At 22, Fiske participated in water polo at the 1936 Berlin Olympics where the U.S. water polo team tied for ninth place overall and were trained and managed by Head Olympic Coach Clyde A. Swendsen, a 1920 water polo Olympian who coached the Los Angeles Athletic Club for fourteen years. The U.S. team represented the Los Angeles Athletic Club, and won one match and lost two matches in the group preliminaries, not making the semi-finals. Hungary, the pre-games favorite took the gold medal, The host team from Germany, a pre-game favorite took the silver medal, and Belgium took the bronze.

===1948 London===
Twelve years later he was a participant in the 1948 Summer Olympics in London where the U.S. water polo team again tied for ninth place in competition. The U.S. water polo team, composed primarily of Los Angeles Athletic Club members, was coached by 1932 Water Polo bronze medalist Austin Clapp who took a break from his law practice to coach the U.S. team.
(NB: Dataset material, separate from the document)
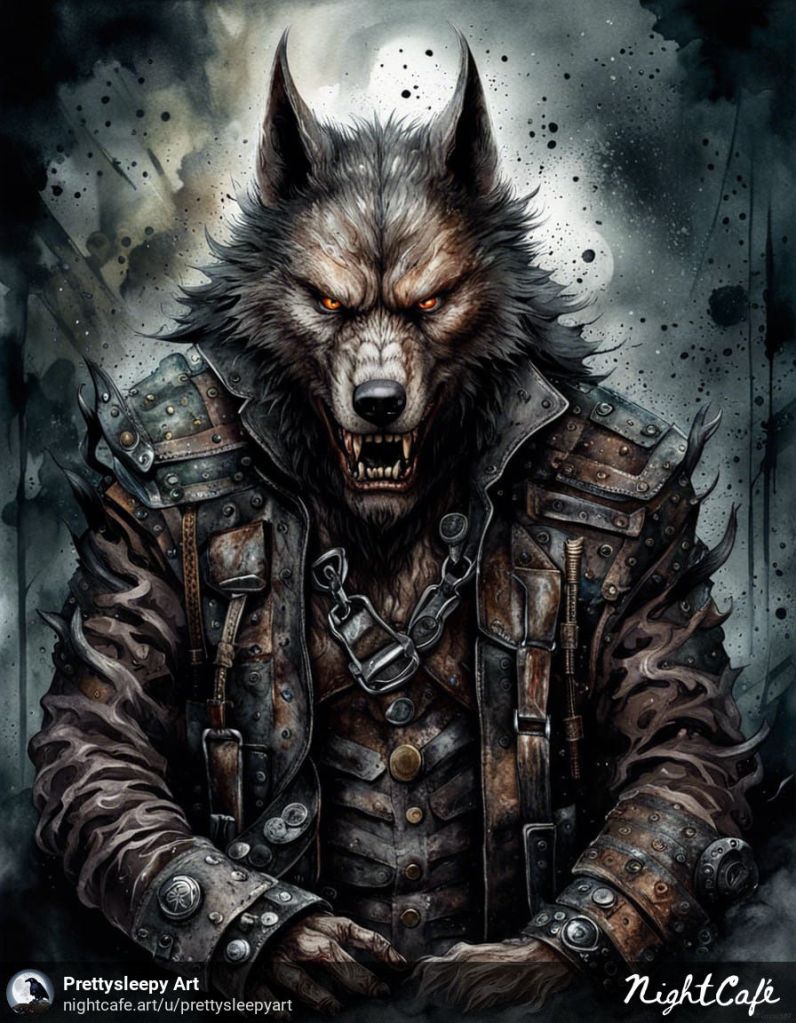 “heavy-metal werewolf, inspired by Klaus Wittmann, Bastien Lecouffe Deharme, Alex Alemany. Detailed textured mixed media artwork watercolor, ink. hyperdetailed. Epic painting.” Weight:2.3

Italy took the gold, Hungary took the silver, and the Netherlands took the bronze. The U.S. team won their first preliminary game 7-0 against Uruguay with a score of 7-0, and tied the strong team from Belgium 4-4, but lost their game against the team from Sweden by a score of 7-0 eliminating them from competing in more matches, and ending their chances of making the semi-finals.

===Honors===
Fiske became a member of the USA Water Polo Hall of Fame in 1976.

===Careers===
In his professional career, Fiske ascended to the role of General Manager of Dynasciences Corporation, part of Whittaker Corporation, a scientific-based research and development contractor that served the aerospace and defense industries and biomedical technology by the late 1960's. Remaining active in the water polo community, Fiske worked as a referee intermittently from 1948-1956.

He died at 55 on June 22, 1970 in Los Angeles, California. Funeral services were held mid-day on June 27 at the Canoga Park's Praiswater Funeral Home. His cremated remains were interred at Woodland Cemetery in Woodland, Yolo County, California.